Northrop Grumman has agreed to support a small US firm's plan to remanufacture surplus F-5E fighters into two-seat advanced trainers. The company, Tiger Century Aircraft (TCA), now plans to raise the $20 million required to build a prototype of its TF-5 lead-in fighter trainer.

Torrance, California-based TCA will be prime contractor for the TF-5 programme, with the F-5's original manufacturer acting as principal subcontractor. Northrop Grumman will assemble the dual-seat forward fuselages and develop a structural integrity programme to "zero time" the airframes, says TCA president Andrew Skow.

The company plans to fly an aerodynamic prototype of its TF-5 "this year", says Skow. The design features several improvements over the two-seat F-5F: a raised instructor's seat under a reshaped canopy; a shorter nose for lower weight; reduced take-off and landing speeds; automatic manoeuvring flaps; and improved high angle-of-attack behaviour. Speed will reduce from Mach 1.6 to 1.4.

TCA plans to team with one or more companies to provide avionics for the TF-5 in different markets. The company is prepared to ship the aircraft "green" to its chosen partners for in-country completion, Skow says.

The price for an "all-up, zero-time" TF-5 will be under $10 million, and the first aircraft could be delivered within two years of contract signature. TCA has an agreement with Taiwan's AIDC to remarket over 100 ex-Taiwan air force F-5Es, which will provide a ready source of airframes for conversion, Skow says.

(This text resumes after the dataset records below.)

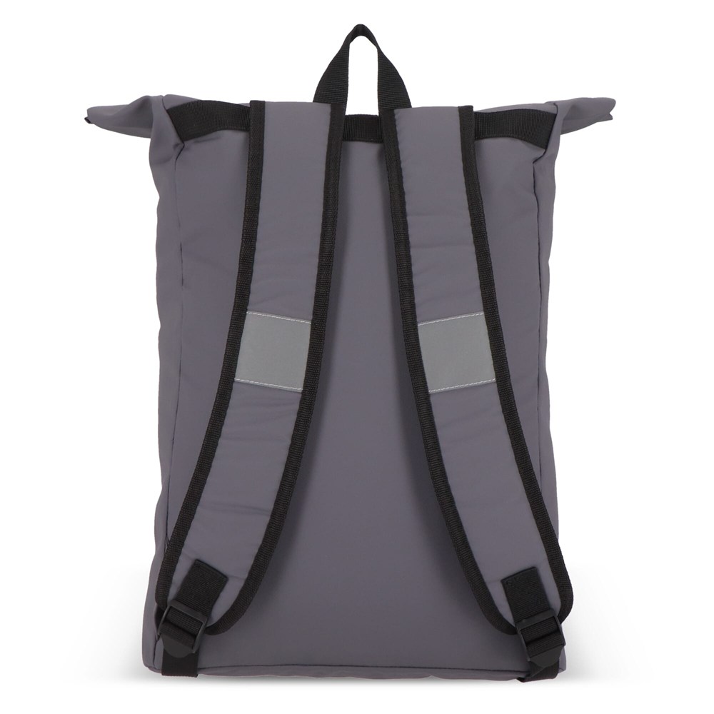 Deze rugzak met roltop is gemaakt van gerecycled PET met PU-coating in 600D-materiaal. Voorzien van reflecterende strips op de schouderbanden en rond het voorvak voor extra veiligheid in het donker. Met handvat, verstelbare gewatteerde schouderbanden en een gewatteerd laptopvak.
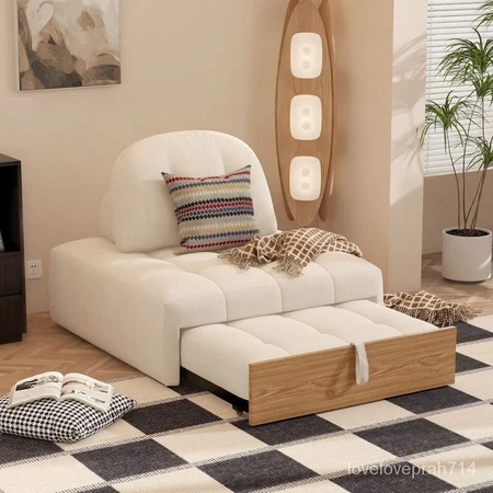 [PROMOÇÃO RELÂMPAGO] Sofá de Tecido Telescópico Creme Bolha Estilo Japonês
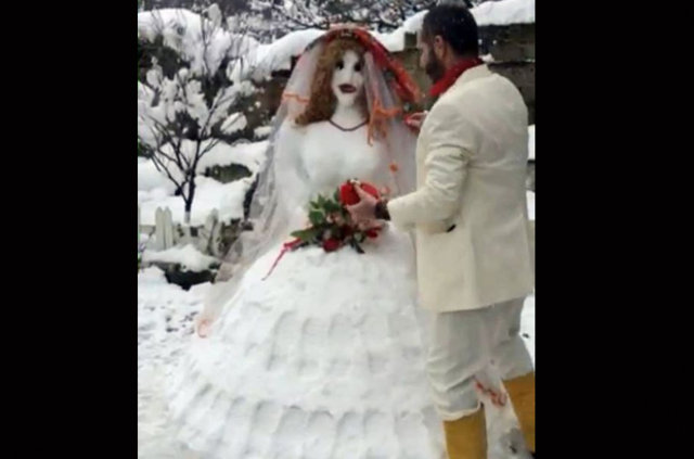"3 saat uğraşarak yaptık. Görenler başıma soğuk geçtiğini düşünüyor. Bu kadar çok ilgi göreceğini hiç düşünmemiştim. Ama kardan gelinle balayının çok soğuk geçtiği kesin".
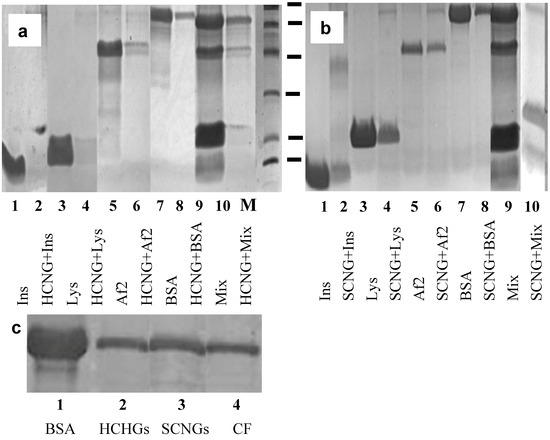 To support the results obtained with individual proteins, all four of them were mixed and loaded onto HCNGs or SCNGs. In the case of mixed proteins HCNGs bound exclusively negatively charged proteins bovine albumin and Aspergillus protein Af2 while SCNGs bound insulin and lysozyme both of which were positively charged (Figure 3a,b, lanes 9–10). Some amount of BSA in the sediment from SCNGs could be the result of co-sedimentation during high speed centrifugation.
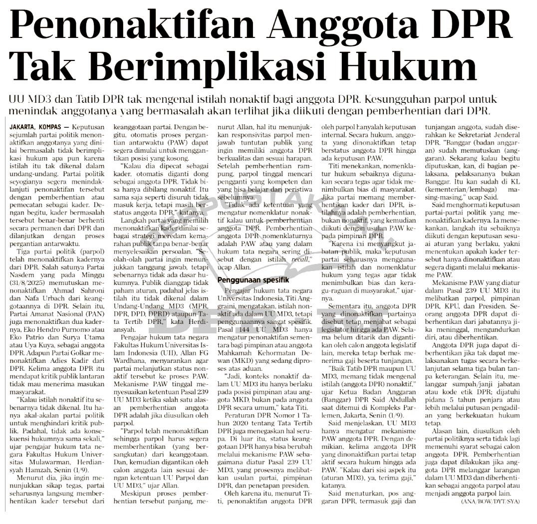 | Judul | Penonaktifan Anggota DPR tak berimplikasi hukum |
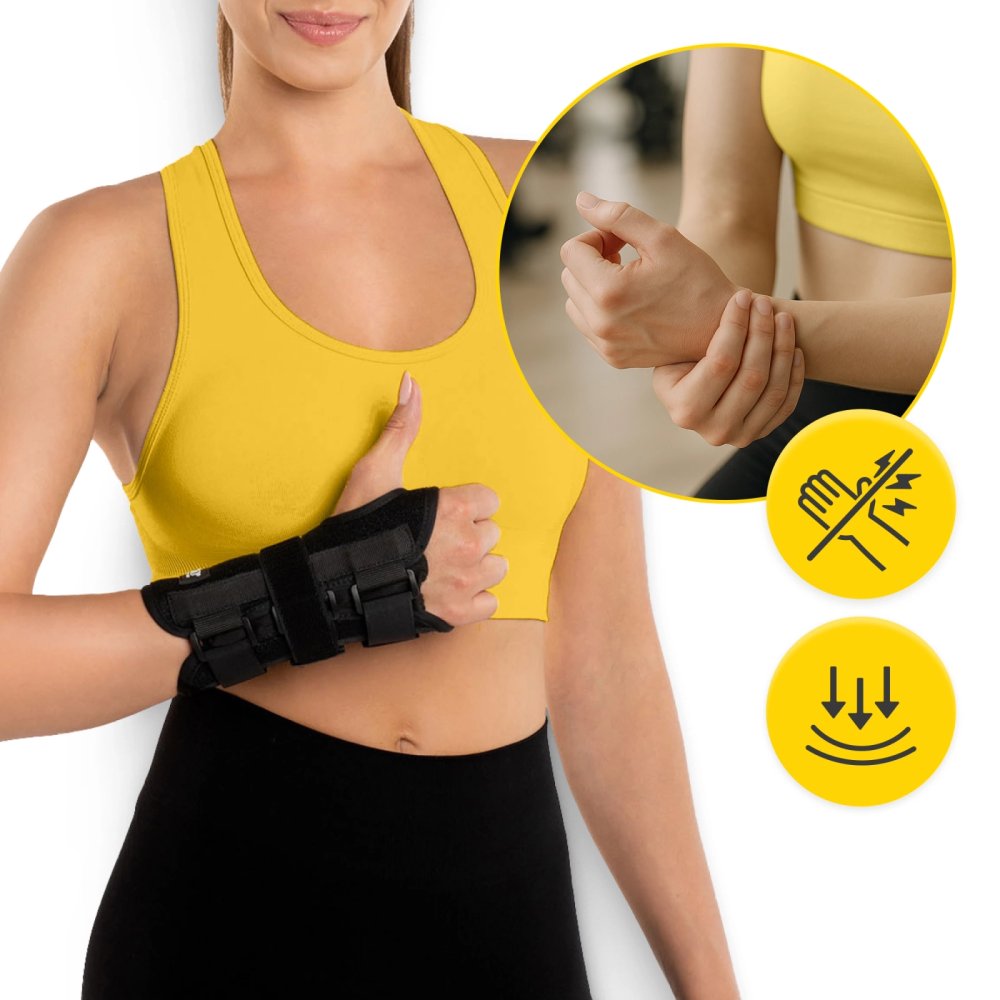 The 4Fizjo wrist orthosis is designed to stabilize and protect the right hand after injuries, sprains, or overloads.
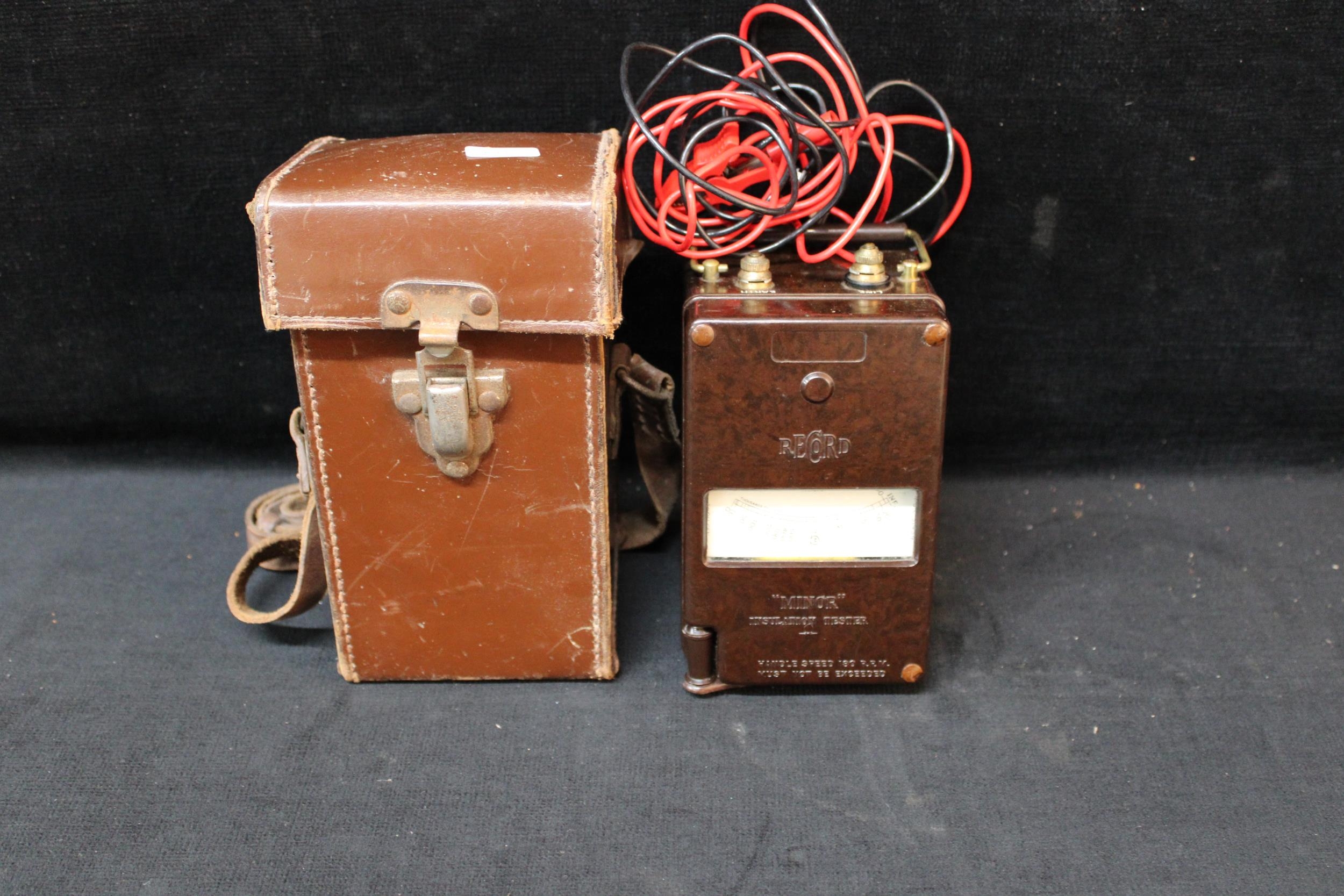 A Record Minor insulation tester with leather case
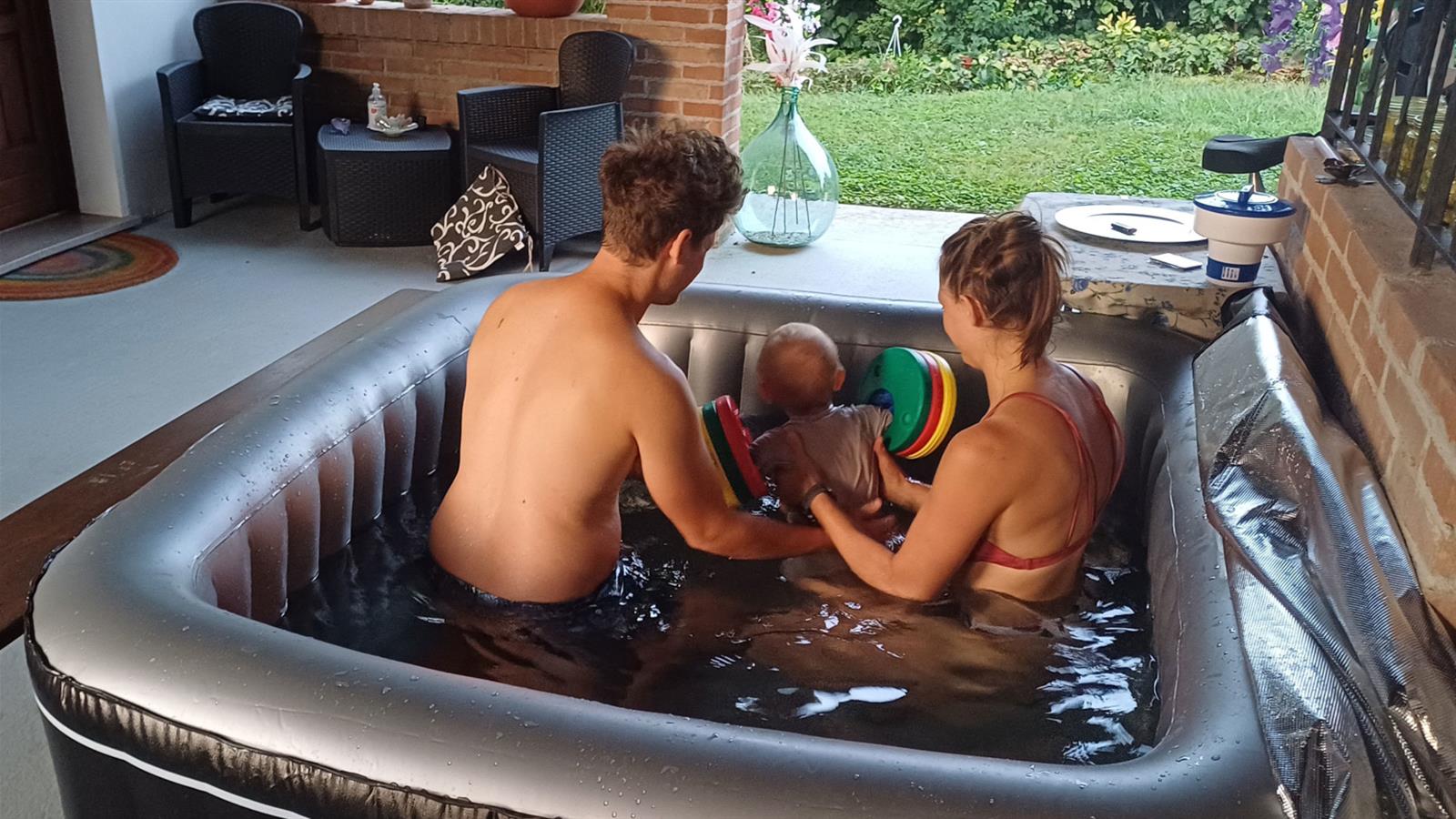 Under the covered, heated patio—protected in all seasons—you’ll find a hydromassage tub for up to six people, reserved exclusively for our guests. It’s the perfect place to relax with others or enjoy a quiet moment alone, pampered by bubbles and warm water.

The TF-5 is aimed at a projected near-term market for more than 500 lead-in fighter trainers in Europe and elsewhere, he says. In parallel, TCA is pursuing a nearer-term market to convert aircraft to standard F-5F configuration to top up existing F-5 operators' dwindling fleets of two-seaters.

Only 241 Fs were built, Skow says, and the company sees a market for 125-175 E to F conversions. TCA is working with potential customers for an initial batch of around 20 conversions, which will cost under $3 million apiece. As the TF-5 and F-5F are 95% common, he says, launching the E to F conversion programme will underwrite development of the lead-in fighter trainer.